En el Gobierno ven una «auténtica ofensiva» en Europa y las comunidades del PP creen que Sánchez no presiona con los traslados porque Bruselas lo impide
De hecho, las comunidades del PP reconocen que si se aplica el artículo 35 «no podrían hacer nada» y acatarán la legalidad. Ahora bien, también insisten en que «no ven nada claro» que eso acabe haciéndose porque Europa lo ha puesto como línea roja. Los presidentes autonómicos del PP consultados por este periódico ponen el foco en que la parte socialista del Gobierno «ni siquiera está metiendo presión con ese asunto», «ni exigiendo públicamente a las comunidades que nos hagamos cargo de los menores como ha ocurrido en otros momentos. El reparto de menores inmigrantes provocó, de hecho, la ruptura de los gobiernos autonómicos de PP y Vox en 2024. En el PP consideran que Sánchez y los ministros socialistas no alzan la voz porque no pueden saltarse lo establecido por la Comisión Europea. Es una reflexión que también hacen algunas voces de Sumar.

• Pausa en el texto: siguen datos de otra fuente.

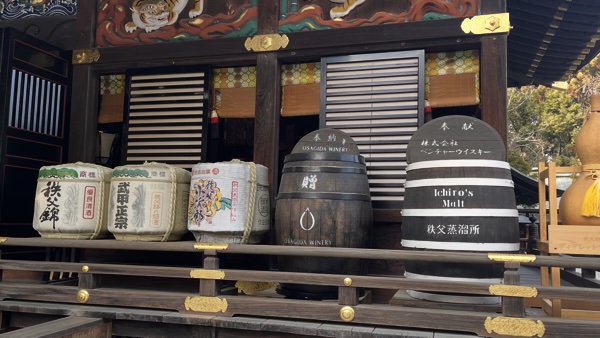 Chichibu Distillery is a bit old fashioned, they were even doing some floor malting while we were there. They do have an official Instagram, but perhaps not a website. Generally they don’t do tours, however they do have a gift shop so they must do some, supposedly only for industry folks. You may have to buy the bottles in town and we learned many businesses have prospered alongside the growth of the distillery. For instance, there is a whisky cask in the Shinto Shrine.

La negativa europea a que los inmigrantes salgan de Ceuta se evidencia también con el hecho de que Bruselas no haya dicho nada sobre los controles simbólicos impuestos por Giorgia Meloni a los viajeros procedentes de España. No lo han dicho porque esos controles se pueden considerar como un símbolo de lo que podría suceder si por alguna razón los inmigrantes ilegales que se encuentran en Ceuta cruzasen el Estrecho. Francia, que no firmó la carta de los 22, sería probablemente el primero en reinstaurar esos controles fronterizos, como ya ha hecho en otras ocasiones. Pero el presidente francés, Emmanuel Macron, visitará Madrid el día 29 de este mes. El Gobierno tiene esa fecha –y la importancia del acontecimiento– también en la cabeza.
Por su parte, el Gobierno autonómico de Ceuta, también siguió con atención el debate de la Eurocámara de este jueves. Y en este momento tiene un enfrentamiento abierto con el Ejecutivo de Sánchez por la «campaña» que han abierto contra el presidente Vivas. «Buscan cualquier cosa menos asumir la responsabilidad. Ahora toca confrontar con nosotros», admiten en el entorno del presidente de la ciudad autónoma. En Ceuta mantienen la premisa de que todos los llegados el 30 y 31 de julio deben salir cuanto antes hacia Marruecos. Reconocen tener «muy poca fe» en el proceso de reagrupación familiar para los menores, habida cuenta de los antecedentes en la crisis de 2021. Y, sobre todo, insisten en una reflexión: «El decreto ley para distribuir menores queda sobrepasado. No está pensado para 3.000 menores de sopetón. Una situación tan extraordinaria no se arregla con procedimientos ordinarios». También Ursula von der Leyen se mostró partidaria el jueves de contar con «nuevas herramientas» para situaciones de emergencia como lo ocurrido en Ceuta, que permita «proteger las fronteras en todo momento».